My son was fortunate to finally draw an antelope tag in our area after a 12 year wait . He spent 3 days before the season combing the zone for a decent buck and was quite disappointed at the scarcity of animals but we set out to find one anyway . The first day brought a sighting of only a couple dozen and a few small bucks , a weird looking one that he contemplated taking but I talked him out of it .

Second day dawned very foggy and overnight he'd decided to take the weird ,damaged one . We went to find him and as luck would have it we couldnt' . So back to work here on the farm until mid afternoon when , with work completed he was again determined to shoot '" Mr.
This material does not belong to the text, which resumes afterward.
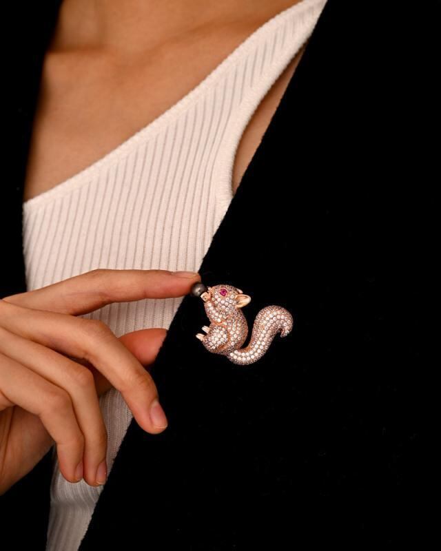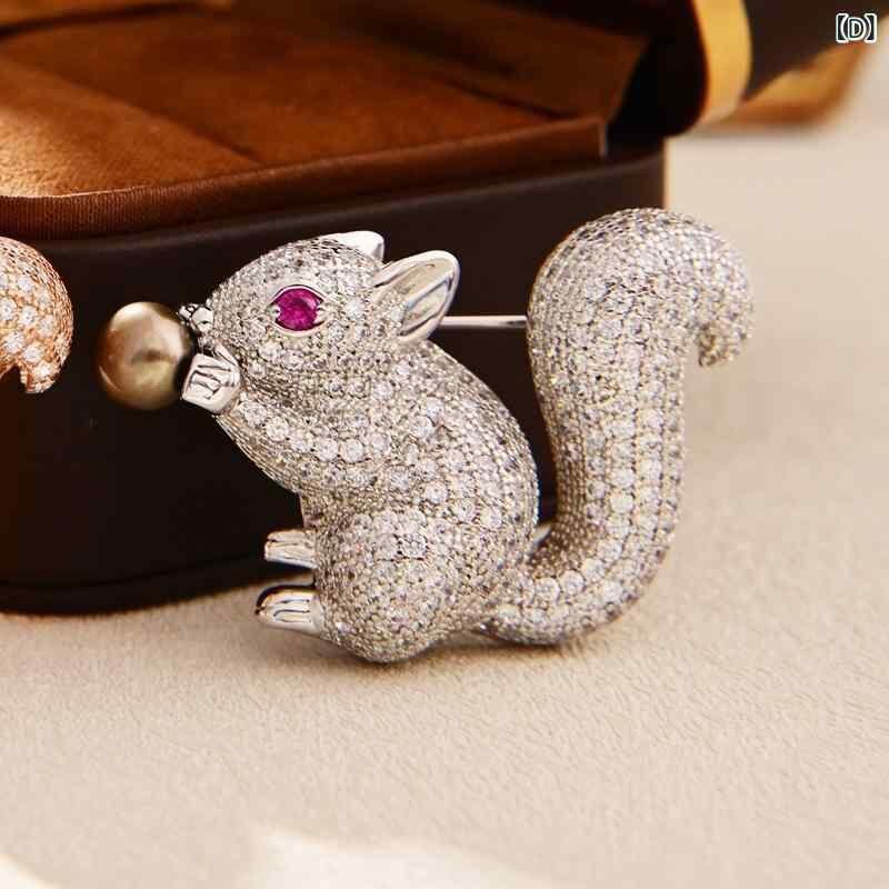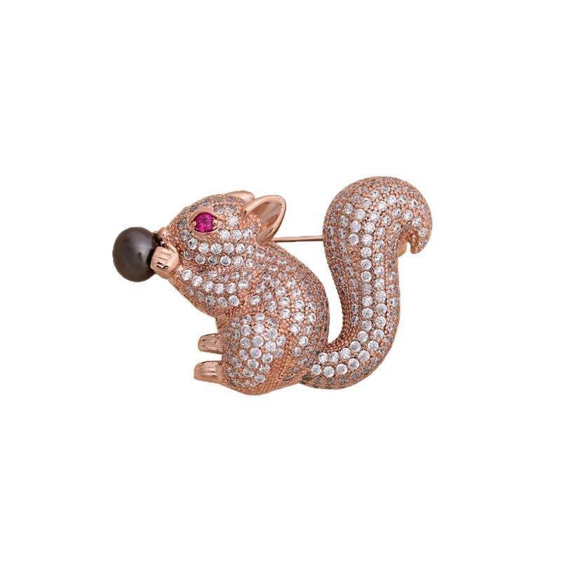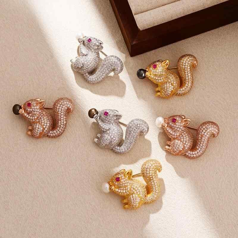 ブローチ 淡水パール レディース セレモニー フォーマル 入学式 おしゃれ 胸飾り 高級感 マイクロパヴェ ジルコニア リス 風船 2WAY ロングネックレス

Ugly " . Asked him to wait one more day , only a 6 day season , and I would drive him around to look for something better . He said he would hold if and take one more look with me . As luck would have it we drove to an area that has always been good to us in the past and we found a good buck on his way to bed up . He crested a hill and then was out of sight , out of sight from all roads . If we had been 10 seconds later w would not have found him . Dropped off my son with a a favourable wind in his face and he commenced a half mile stalk , followed it up with a 200 yard bellycrawl and then finished with a 200 yd broadside shot . The look on this young mans face when he walked up to his prize was priceless and ge thanked me many times for not letting him slay the split horned goat .


----------



## youngdon (Mar 10, 2010)

Nice pronghorn C2C, Congrats to you and your son.


----------



## hassell (Feb 9, 2010)

Congrats. to you both, he is fortunate to have a great mentor.


----------



## Mark Steinmann (Jan 28, 2014)

Very nice, congrats to you both on a great time & animal!

Mark

Sent from my SM-G935V using Tapatalk


----------



## prairiewolf (Feb 19, 2012)

Very nice buck !! Congrats to you and your son.


----------



## kiyote (Jun 15, 2014)

congrats


----------



## glenway (Mar 27, 2011)

Heck yeah! Looks like that shot really anchored the pronghorn in its tracks. A good one to remember, for sure.


----------



## C2C (Mar 17, 2012)

Thanx for the comments guys , it was a treat to watch my son take this animal . Cover was sparse to say the least an this 6"3" kid of mine did his best to become a snake to get within range . We've gotten into videoing some our hunts but there was no way that 2 of us could pull it off so I sat back and watched from a mile and a half thru the spotting scope.


----------